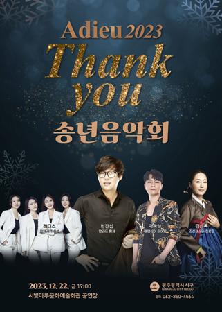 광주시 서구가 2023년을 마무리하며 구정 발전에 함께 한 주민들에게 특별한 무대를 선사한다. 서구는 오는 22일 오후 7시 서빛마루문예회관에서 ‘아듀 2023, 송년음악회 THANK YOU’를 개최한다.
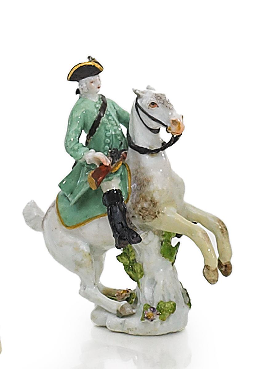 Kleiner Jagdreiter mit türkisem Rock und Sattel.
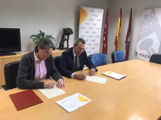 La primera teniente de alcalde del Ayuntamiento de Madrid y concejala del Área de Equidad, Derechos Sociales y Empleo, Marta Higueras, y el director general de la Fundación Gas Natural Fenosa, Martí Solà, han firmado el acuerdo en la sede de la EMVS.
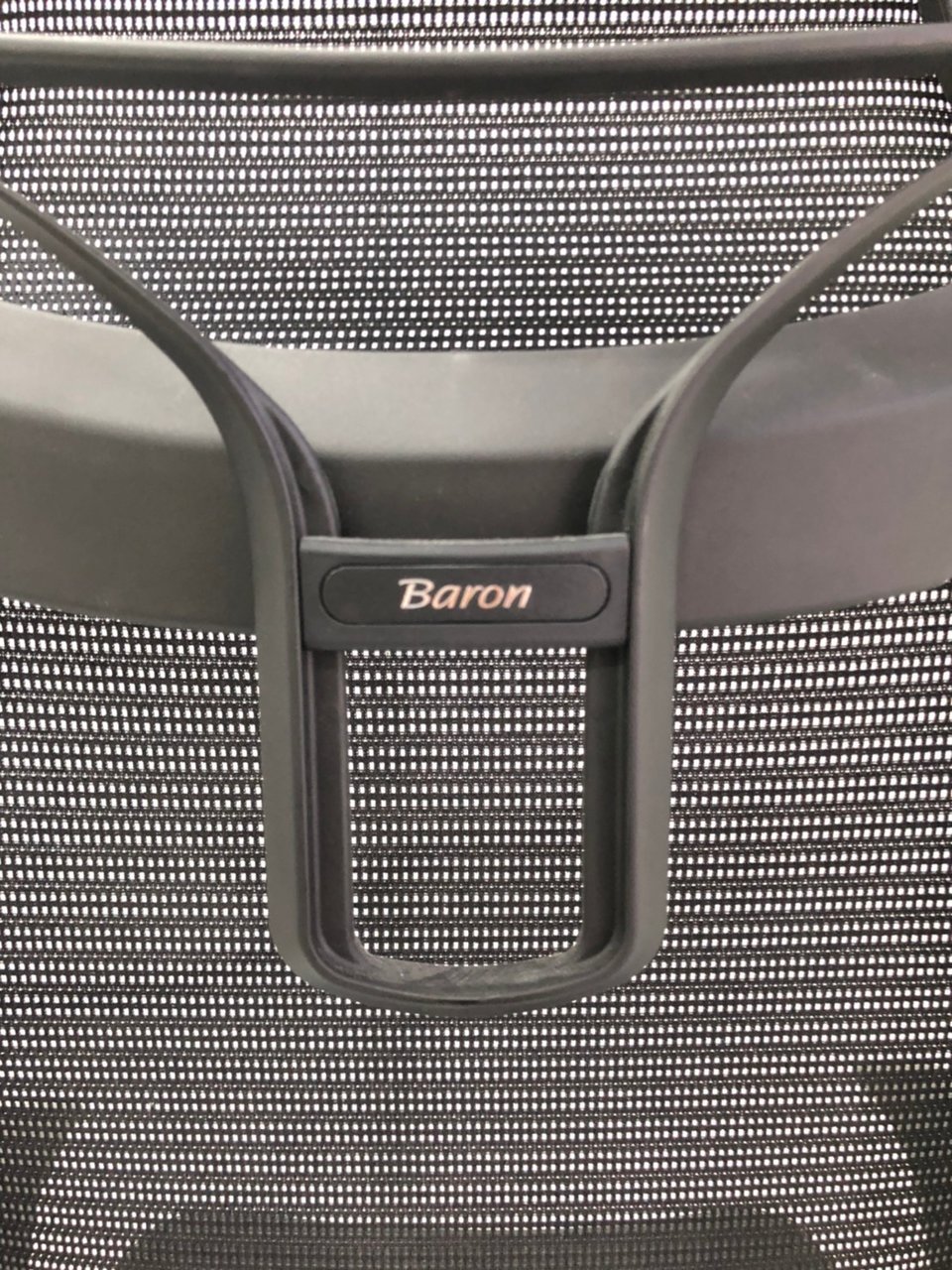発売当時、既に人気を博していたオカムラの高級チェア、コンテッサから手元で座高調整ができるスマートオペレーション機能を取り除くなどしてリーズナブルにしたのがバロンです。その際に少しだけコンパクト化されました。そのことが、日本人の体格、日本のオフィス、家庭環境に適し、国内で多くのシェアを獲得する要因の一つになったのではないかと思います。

_AIM OF THE EXERCISE_
What you should repeat exactly is the run of lines from the top of the listing above through the line with "Kleiner Jagdreiter mit", without pictures.

_YOUR SOLUTION_
 광주시 서구가 2023년을 마무리하며 구정 발전에 함께 한 주민들에게 특별한 무대를 선사한다. 서구는 오는 22일 오후 7시 서빛마루문예회관에서 ‘아듀 2023, 송년음악회 THANK YOU’를 개최한다.
 Kleiner Jagdreiter mit türkisem Rock und Sattel.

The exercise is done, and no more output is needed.